Saturday, September 8, 2012

Play that Ragtime

Although I don't think Ragtime is a great musical, you couldn't find a better production that the one playing now through October 14 at the Shaw Festival in Niagara-on-the-Lake, Ontario, directed by the festival's artistic director, Jackie Maxwell.

The festival, currently celebrating its 50th year, began by focusing on the works of George Bernard Shaw and his contemporaries, then expanded to include contemporary works set within the timespan of Shaw's life. Good thing he lived to age 94 (1856-1950)!

Ragtime, set in the first decade of the 20th century and based on E.L. Doctorow's novel, premiered in Toronto in 1996 under the banner of producer Garth Drabinsky's Live Entertainment Company. I remember interviewing Drabinsky for a story in the Wall Street Journal, where I was a staff reporter at the time. It was at rehearsal and Brian Stokes Mitchell was onstage. "He's going to be a major star," I remarked and Drabinsky replied, "Yes, and I've got him."

Thom Allison as Coalhouse Walker in Ragtime at the Shaw Festival
Not only did Stokes Mitchell create a huge impression, but so did Audra McDonald and Marin Mazzie. The production even featured a ten-year-old Lea Michele, later to star in Glee.

Doctorow - and the show - set out to create a sweeping sense of American life at the start of a turbulent era.

Fictional characters included a white family in the New York suburb of New Rochelle; a Harlem ragtime piano player and a Jewish immigrant. Historical figures also crowded the action - Harry Houdini, Henry Ford, J.P. Morgan, Evelyn Nesbit, Emma Goldman.

That's been my problem with this show. It's always felt like a preachy history lesson where the human stories are presented in frames - "now look at this" - rather than developing organically. However, Stephen Flaherty and Lynn Ahrens' music and lyrics find the passion and beauty of the stories: the New Rochelle family's Mother (as she is called) finds an abandoned baby and takes in him and his desperate mother, a black woman named Sarah; the baby's father is a ragtime pianist named Coalhouse Walker who eventually seeks justice through violence; and the immigrant, Tateh, tries to survive the poverty of the Lower East Side and make a better life for his daughter.

The dazzling score, featuring such wonderful melodies as "Ragtime," and "Wheels of a Dream," receives heartfelt interpretations from the magnetic Thom Allison as Coalhouse, sensitive Patty Jamieson as Mother, Jay Turvey as optimistic Tateh, stalwart Benedict Campbell as Father. Alana Hibbert as Sarah can't quite match the vocal power of McDonald (and it's probably not fair to compare anyone to McDonald), but brought out a fragile quality in the character.
Thom Allison (right) and the ensemble in Ragtime
Special mention should also go to featured player Nichola Lawrence who has an electrifying bluesy turn in the role of Sarah's Friend.

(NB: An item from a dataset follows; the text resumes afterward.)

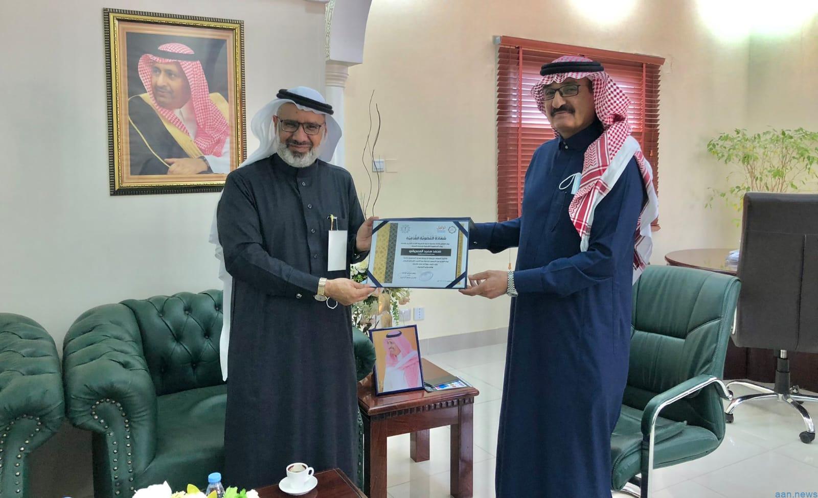 وفي ختام الزيارة سلّم رئيس مجلس إدارة الجمعية العضوية الشرفية الأولى للأستاذ محمد المعجباني رئيس مجلس إدارة لغرفة الباحة وذلك تقديراً لجهوده ودعمه لجمعية ترتيل ، ونقل المعجباني تحياته وتحيات أعضاء مجلس الغرفة لسمو الرئيس الفخري للجمعية على اهتمامه بتعليم كتاب الله حفظا وتلاوة وسلوك والتي تعكس حرص القيادة أيدها الله بالنصر والتمكين بدستور هذه البلاد المباركة القرآن الكريم .

Sue LePage's scaffold-like set provides number of satisfying levels as Morgan, Ford, Goldman and Booker T. Washington all need to declaim at some point. Alan Brodie's lighting design, coupled with Ben Chiasson's and Beth Kates' projections (one that really impressed me was an impressionistic video of life in the tenements), really lift the show into heaven.

Maxwell's staging is so interesting - such as two wheeled frames representing ships, one of which is carrying Father to explore the North Pole with Admiral Peary - and the cast performs with such consistent style. But Ragtime, at two hours, 45 minutes, has always been too long. For instance, the song "What A Game" (about baseball) doesn't move the action forward and could be dropped. However, as I was thinking those thoughts during the song, I was simultaneously enjoying Campbell trying to tell his son about the game while shielding him from the raucous elements in the crowd.

I'm glad to see that Ragtime is a hit for Shaw, which hasn't done many musicals, as this luminous production certainly deserves to be one.

A couple of personal notes: in 1996, long before I came to live in Mamaroneck, N.Y., just a few miles north of New Rochelle, I took no notice of a line in the show spoken by a train conductor: "All aboard for Mamaroneck!" This time, it produced a moment of delight for me and my companion, teacher and director Ron Cameron-Lewis, a visitor to Mamaroneck this year.

A friend in the cast, Stewart Adam McKensy, continues to be one of the most talented tap dancers, singers and actors I've seen and ably anchors the ensemble (that's him in the center of the photo above). The Shaw audience will really appreciate Stewart's talents when he performs as Coalhouse for several shows this fall. Break legs, Stewart.